Frey Dalmau miró largamente al joven, calibrando sus aptitudes, y continuó.

– Ésta es una historia de espías, Guillem, un mundo aparte, irreal. Ya sabéis que ésta es una profesión que no existe, no hay espías en el Temple ni en Roma, no los hay en las Cortes reales ni en los caballeros Hospitalarios, ni en los Teutónicos. Los espías no existen y el mundo puede dormir tranquilo. Guillem sonrió ante la ironía del administrador, pero sabía que decía la verdad. Nadie aceptaba que hubiera espías, pero mientras tanto su número crecía de forma alarmante, desde las cancillerías hasta los conventos.

– La Sombra es un hombre que, en un tiempo, tuvo una estrecha relación con nosotros. Con Guils, conmigo y con el Temple. Su nombre, o el que dio al ingresar en la orden, era D'Arlés, Robert d'Arlés. Era un joven muy atractivo, con una gran cultura y una habilidad especial para los idiomas. Escaló puestos en la orden rápidamente, hasta que llegó a los que empezaban a llamarse «servicios especiales», con Guils y conmigo. -Dalmau calló un momento, inspirando hondo, como si no le fuera agradable recordar.

– Trabajamos varios años juntos, sin problemas. Éramos un buen equipo. Hasta 1251 no empezaron los conflictos. Hacía ya un tiempo que habíamos detectado filtraciones importantes en nuestra orden y varios compañeros habían muerto en extrañas circunstancias. Estábamos realmente preocupados, eran tiempos difíciles y la cruzada de Luis en Egipto había sido un desastre. Toda Tierra Santa lo estaba pagando muy caro. -¿Luis de Francia?

– El mismísimo rey de Francia, instalado en San Juan de Acre después del desastre de Damieta.

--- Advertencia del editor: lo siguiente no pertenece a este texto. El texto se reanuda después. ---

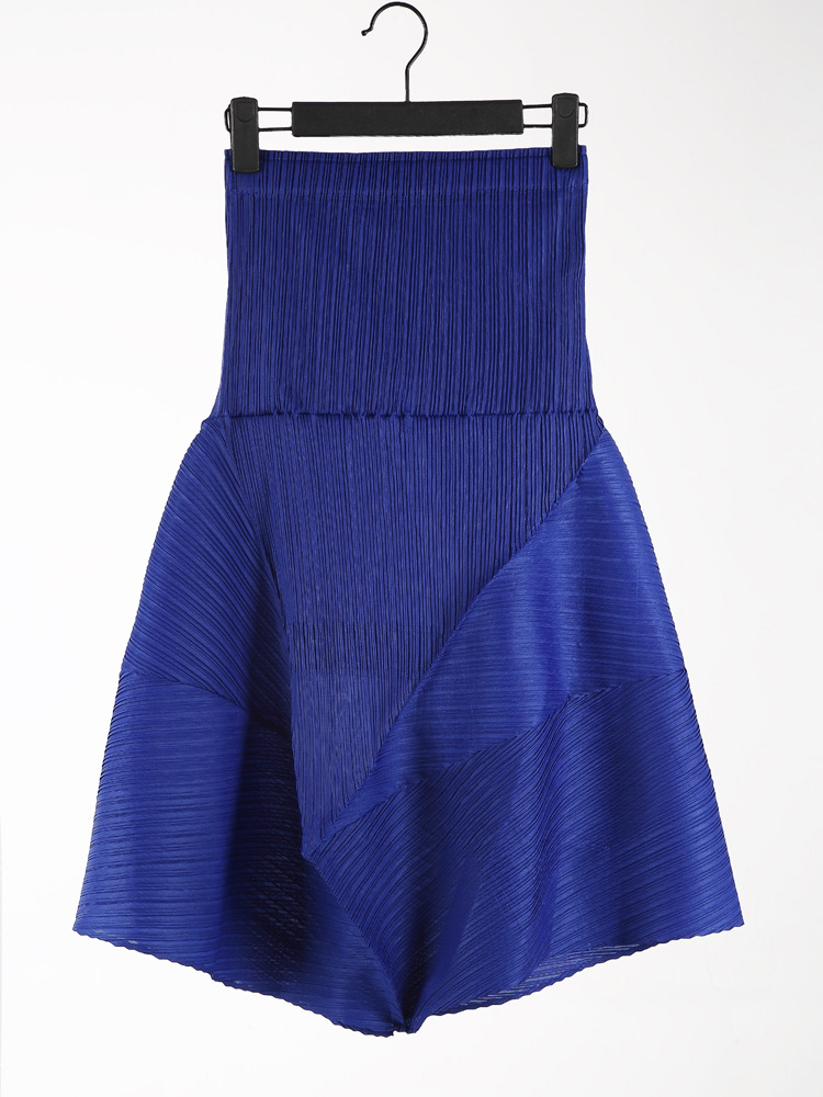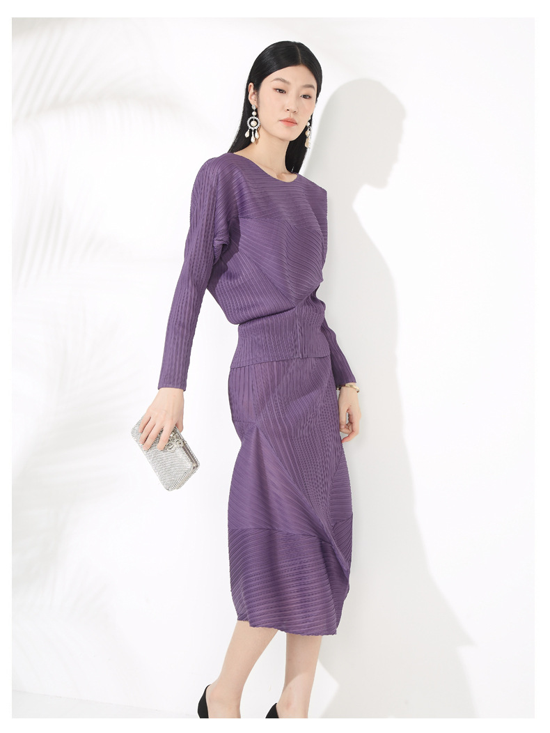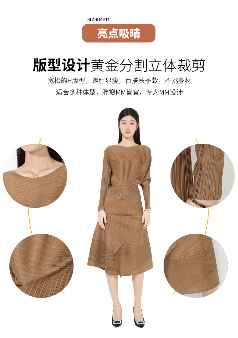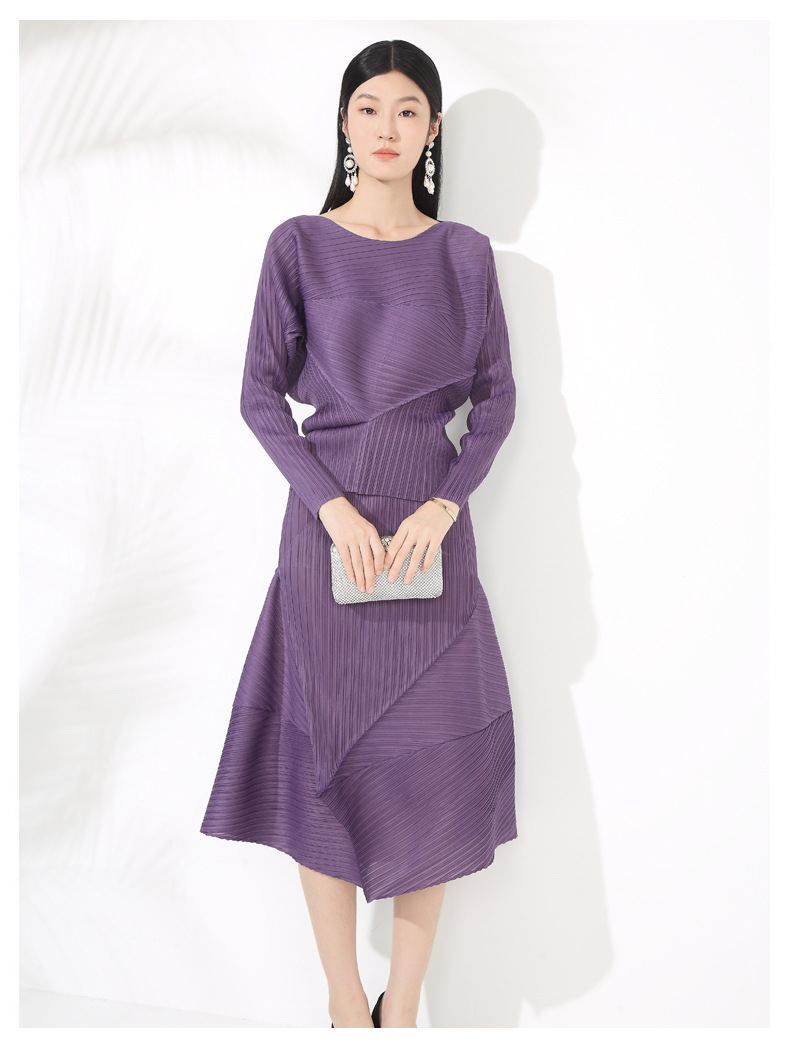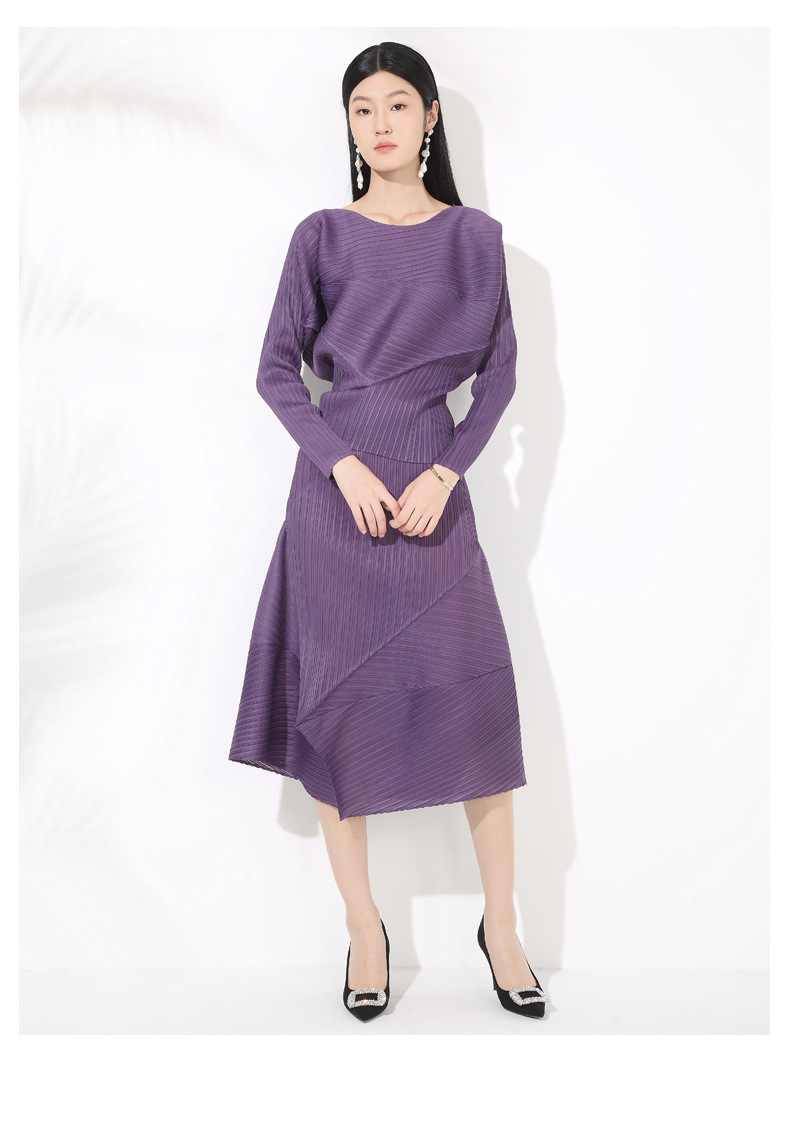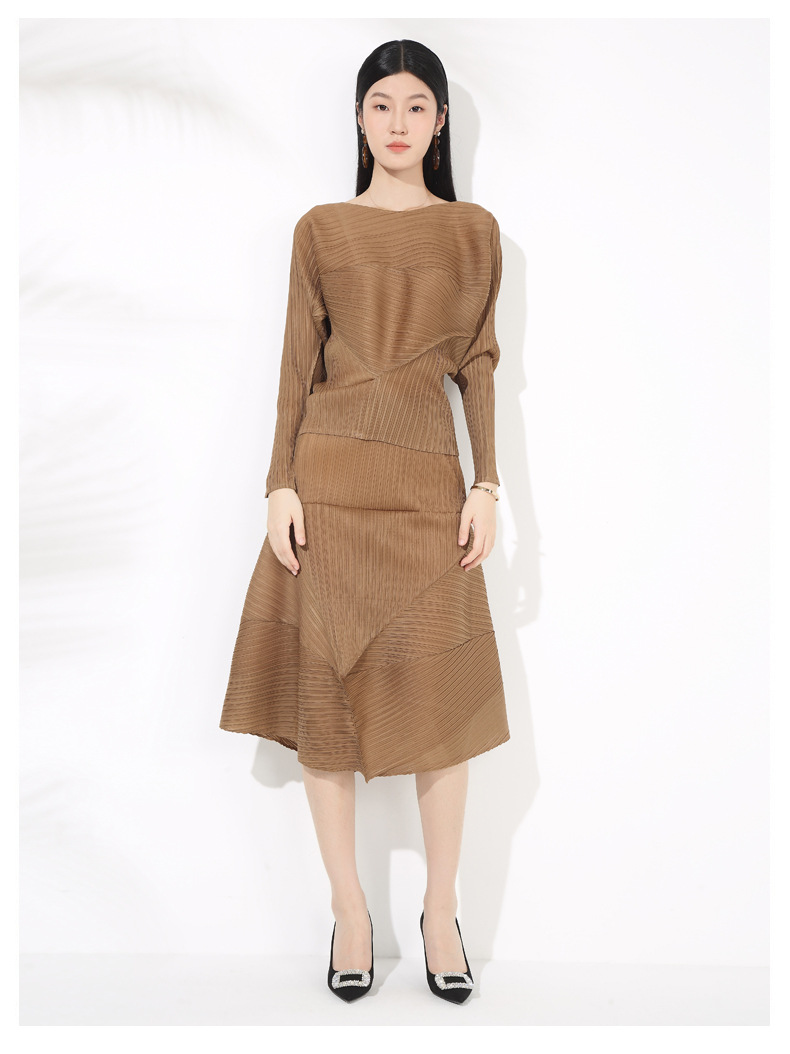 접힌 둥근 목 슬리브 톱 2025 여름 새로운 캐주얼 불규칙한 스커트 솔리드 컬러 여성용 2 피스 세트스토어 가기

Aquella matanza habría podido evitarse. Nosotros habíamos insistido en la necesidad de recuperar Jerusalén y dejar la campaña egipcia para más adelante, pero todo fue inútil.

– Los franceses estaban más preocupados por conseguir el poder en Occidente, frey Dalmau, igual que el Papa. La muerte del emperador Federico y la desintegración del imperio era un enorme pastel, una gran tarta de colores llamando a los comensales.

– Sí, tenéis razón, un apetitoso pastel…, todavía lo es, a pesar del tiempo transcurrido. -Dalmau resopló en un gesto de disgusto-. Siria y Egipto estaban en guerra entonces y no negaré que los intereses de la Orden estaban con los sirios, lo que nos iba a traer graves problemas. Siria acababa de tener una grave derrota y ofreció al rey Luis la ciudad de Jerusalén, a cambio de una alianza militar contra Egipto. Era una propuesta tentadora, sobre todo después de Damieta. Luis podía recuperar su fama y convertirse en el héroe de la cristiandad, algo que él deseaba. Sin embargo, entre esta halagadora propuesta y el rey, se encontraban los miles de cautivos cristianos encerrados en las mazmorras egipcias. Era un asunto delicado, los nobles le presionaban con la amenaza de que si pactaba con los sirios, Egipto mataría a todos los cautivos.

– ¿No fue por aquel tiempo que saltó el escándalo Vichiers? -comentó Guillem.

– Estáis bien informado, muchacho. En medio de aquella delicada situación, alguien susurró al oído del rey Luis que el Temple mantenía negocios con los sirios. Como veis, las filtraciones en nuestro servicio iban de mal en peor y todos nuestros esfuerzos para atrapar al traidor habían sido inútiles hasta entonces. Nos costaba creer que fuera uno de los nuestros, que estábamos alimentando a la serpiente en nuestras propias entrañas.

– ¿Cuál fue la reacción del rey?

– Luis montó en cólera contra el Temple, no podía creer que alguien moviera un dedo sin su divino consentimiento. Planeó una humillación sin precedentes para la orden, y el comportamiento del entonces Gran Maestre, Vichiers, le hizo caer en la ignominia para el Temple. Su nombre debería ser borrado de nuestros Libros.